按序列大小对Fasta进行排序 [英] sort fasta by sequence size
问题描述
我目前想按序列大小对轻快的fasta文件(+ 10 ** 8行和序列)进行排序. fasta是生物学中用于存储序列(遗传或蛋白质)的明确定义格式:
I currently want to sort a hudge fasta file (+10**8 lines and sequences) by sequence size. fasta is a clear defined format in biology use to store sequence (genetic or proteic):
> id1
序列1#可能在多行上
> id2
序列2
...
我运行了一个以tsv格式显示的工具:
I have run a tools that give me in tsv format:
标识符的长度,长度和位置(以字节为单位).
the Identifiant, the length, and the position in bytes of the identifiant.
现在我要做的是按长度列对文件进行排序,然后解析该文件,并使用搜索"来检索相应的序列,然后将其附加到新文件中.
for now what I am doing is to sort this file by the length column then I parse this file and use seek to retrieve the corresponding sequence then append it to a new file.
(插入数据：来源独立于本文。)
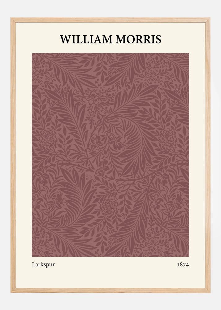 Ovaj poster je reprodukcija bezvremenskog djela Williama Morrisa "Larkspur" iz 1874. godine i prikazuje hipnotizirajući aranžman cvjetnih uzoraka u toploj i gostoljubivoj paleti boja. Dizajn, poznat po svojoj detaljnosti i organskoj estetici, klasičan je prikaz Morrisove ljubavi prema prirodi i njegove umjetničke vještine unutar pokreta Arts and Crafts. Savršen je za one koji cijene povijesne umjetničke otiske i žele dodati dašak viktorijanskog šarma svom domu.

# this fonction will get the sequence using seek
def get_seq(file, bites):
with open(file) as f_:
f_.seek(bites, 0) # go to the line of interest
line = f_.readline().strip() # this line is the begin of the
#sequence
to_return = "" # init the string which will contains the sequence
while not line.startswith('>') or not line: # while we do not
# encounter another identifiant
to_return += line
line = f_.readline().strip()
return to_return
# simply append to a file the id and the sequence
def write_seq(out_file, id_, sequence):
with open(out_file, 'a') as out_file:
out_file.write('>{}\n{}\n'.format(id_.strip(), sequence))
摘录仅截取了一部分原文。